One recent trend is the focus on story telling. The books by Ismai and Kim, Alexander and Gelman, Hill and Vehtari all emphasize the importance of “telling a good and clear story” with the data. The first sentence of Alexander’s preface is:
This book will help you tell stories with data. It establishes a foundation on which you can build and share knowledge about an aspect of the world that interests you based on data that you observe. Telling stories in small groups around a fire played a critical role in the development of humans and society (Wiessner 2014). Today our stories, based on data, can influence millions.
If we go back to our first statement, data analysis is the process of (A) inspecting, (B) cleaning, (C) transforming, and (D) modelling data with the objective of discovering useful information, drawing conclusions, and supporting decision-making.
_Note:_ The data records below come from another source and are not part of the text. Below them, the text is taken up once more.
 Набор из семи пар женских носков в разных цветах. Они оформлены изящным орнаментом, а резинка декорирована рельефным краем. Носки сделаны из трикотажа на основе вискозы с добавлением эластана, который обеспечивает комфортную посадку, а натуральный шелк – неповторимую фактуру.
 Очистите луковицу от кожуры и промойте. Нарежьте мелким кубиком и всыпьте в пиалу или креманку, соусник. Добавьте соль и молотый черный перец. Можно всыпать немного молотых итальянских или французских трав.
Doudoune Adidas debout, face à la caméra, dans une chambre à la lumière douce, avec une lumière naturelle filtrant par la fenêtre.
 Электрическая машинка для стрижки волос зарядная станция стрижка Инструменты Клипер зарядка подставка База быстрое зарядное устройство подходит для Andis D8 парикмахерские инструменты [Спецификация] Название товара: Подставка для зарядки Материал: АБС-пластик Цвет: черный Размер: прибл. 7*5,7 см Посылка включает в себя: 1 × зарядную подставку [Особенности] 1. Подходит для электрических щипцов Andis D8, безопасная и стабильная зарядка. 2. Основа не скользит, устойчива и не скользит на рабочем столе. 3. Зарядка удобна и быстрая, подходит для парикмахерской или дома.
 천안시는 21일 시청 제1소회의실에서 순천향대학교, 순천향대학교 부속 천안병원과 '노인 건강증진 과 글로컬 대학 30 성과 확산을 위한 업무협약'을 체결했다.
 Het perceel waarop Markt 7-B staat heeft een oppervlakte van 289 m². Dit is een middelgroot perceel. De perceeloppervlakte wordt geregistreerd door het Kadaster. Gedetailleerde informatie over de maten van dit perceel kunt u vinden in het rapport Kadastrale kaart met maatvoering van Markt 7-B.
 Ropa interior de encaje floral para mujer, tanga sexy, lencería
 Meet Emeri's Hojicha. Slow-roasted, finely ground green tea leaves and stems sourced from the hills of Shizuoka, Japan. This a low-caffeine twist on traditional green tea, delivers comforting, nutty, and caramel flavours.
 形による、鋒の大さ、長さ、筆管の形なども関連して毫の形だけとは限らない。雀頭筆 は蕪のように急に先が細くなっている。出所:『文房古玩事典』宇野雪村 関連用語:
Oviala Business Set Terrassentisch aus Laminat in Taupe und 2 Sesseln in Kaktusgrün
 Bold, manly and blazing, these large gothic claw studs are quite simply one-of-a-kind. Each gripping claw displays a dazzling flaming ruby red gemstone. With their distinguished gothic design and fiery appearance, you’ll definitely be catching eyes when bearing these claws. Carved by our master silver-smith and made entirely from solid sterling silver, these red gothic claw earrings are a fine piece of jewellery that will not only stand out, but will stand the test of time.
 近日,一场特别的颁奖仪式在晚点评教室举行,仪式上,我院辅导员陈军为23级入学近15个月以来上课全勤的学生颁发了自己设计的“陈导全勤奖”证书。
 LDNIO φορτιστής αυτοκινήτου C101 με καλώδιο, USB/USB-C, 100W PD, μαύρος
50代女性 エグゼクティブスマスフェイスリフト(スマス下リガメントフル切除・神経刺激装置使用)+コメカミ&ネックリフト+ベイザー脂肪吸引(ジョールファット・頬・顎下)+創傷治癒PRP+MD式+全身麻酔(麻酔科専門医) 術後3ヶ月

To do this we need (I) substantive expertise (II) some knowledge of statistics (III) some knowledge of a programming language (IV) an ability to communicate.
The book by Wickham is excellent for (III). A large number of resources exists for (II), for example most books quoted above. (I) and (IV) are harder to teach in a single book. (I) in particular will depend on the substantive interest, research questions etc. (IV) is covered in, for example, the books by Ismai and Kim, Alexander and Gelman, Hill and Vehtari. But again, (IV) depends on context and audience and is an art as well as a science.